In 1990, he followed a sky diving parachuting accelerated free-fall course at the Paracentrum, Texel, The Netherlands, where he qualified at level 1 with a free fall jump for 1 minute from 12000 to 5000 feet and precision landing with a square canopy. He obtained in 1982 a training certificate from the Belgian Para-Commando Forces at an initiation tower in Brussels. Since 1987, he has practised occasional paragliding.


5. Training and Operations of Underwater SCUBA Diving


A qualified scuba diver since 1988, he holds various qualifications from several international diving organisations:

- Qualified British Sub-Aqua Club (BSAC) Advanced Diver (Confédération Mondiale des Activités Subaquatiques (CMAS) 3 stars, 2013)

- Ice diving certification (2013)

- ESA European Astronaut Centre Neutral Buoyancy Facility (NBF) Guest Diver and NBF Surface Supply Diving System (SSDS) Diver certifications (2011)

- Technical Diving International (TDI) Nitrox Diver and Decompression Procedures (2004)

- BSAC Advanced Nitrox Diver (1997)

- CMAS International Certificate for Mixed Gas Diving (1997)

- BSAC Practical Rescue Management and Lifesaver Award (1994)

- BSAC Dive Leader (1992)

- BSAC Rescue Skills Oxygen Administration Award (1992)
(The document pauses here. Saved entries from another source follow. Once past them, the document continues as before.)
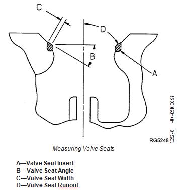 A—Valve Seat Insert B—Valve Seat Angle C—Valve Seat Width D—Valve Seat Runout
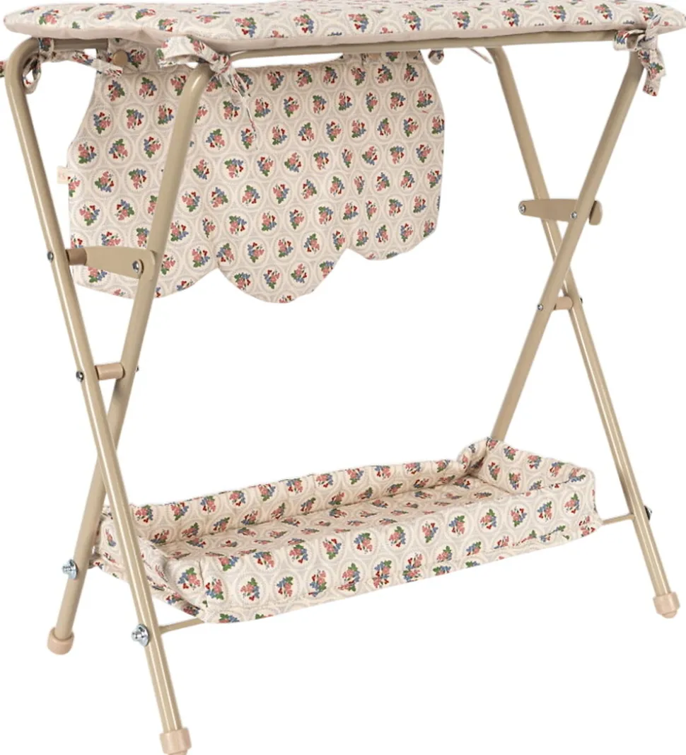 Flot Konges Sløjd puslebord til dukker i rosa med med et print med røde og blå blomster og med en quiltet struktur samt bølgede scallop-kanter.
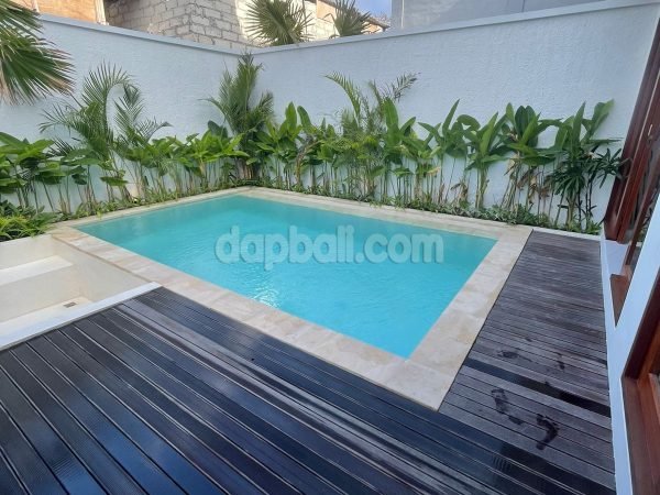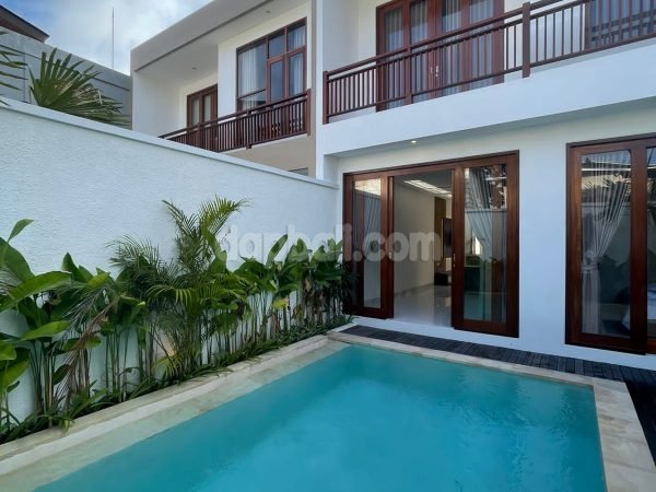 Set on land of 173 sqm with building size is 224sqm as a two-storey building. Easy access to the location by 4 meters paving access road. Strategically situated on villas environment and perfectly facing to the west, which is possible to enjoy the sunset view from the villa. The villa for sale with fully furnished, built with high-quality of materials such as frames, doors and windows are using Bengkirai wood, marble flooring and furnishings featuring:
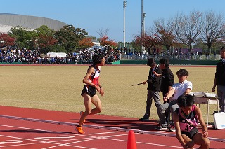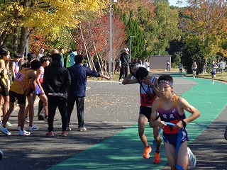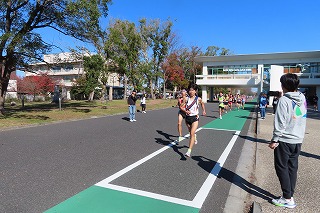 3年生が4名、1年生が2名の6人がすべて3,0Kmの6区間を全力でタスキをつないでくれました。1人1人が自分の区間を責任を持って、一生懸命にタスキを最後までつなぎました。第1区のエース区間から3年生の石垣さんが先頭と47秒差の大健闘で2区の1年生黒田さんにタスキをつなぎました。はじめての出場でも粘り強く3区の3年生青木さんにタスキがつながりました。三泗駅伝でもエース区間の3区を走り、県大会出場に大きく貢献してくれた3年生です。しっかりと走り切って第4区の1年生青木さんにきょうだいでのタスキリレー。はじめての出場も区間10位の選手と26秒差で大健闘!第5区の3年生小林さんも初出場でしたが、後半に3人を抜き去りアンカーの第6区尾﨑さんへ。尾﨑さんは1つずつ順位をあげ、区間11位の力走で第23位でゴールをしました!6名の選手と区間サポートにまわってくれた1年生2名が全力で頑張ってくれました!

- BSAC Sports Diver (1992)

- BSAC Novice Diver (1991)

- Professional Association of Diving Instructors (PADI) Elementary Diving Certificate with Aqualung (1988) 


He has logged 360 h undersea during 455 dives in the Arctic, Antarctic, North Sea, Mediterranean, Caribbean, Red Sea, Indian Ocean, Tanganyika Lake, Pacific Ocean, South China Sea, Indonesia, Maldives; polar dives, deep-sea diving (45 m), zero visibility, night, cave, ice, wreck, shark, manta and whale dives.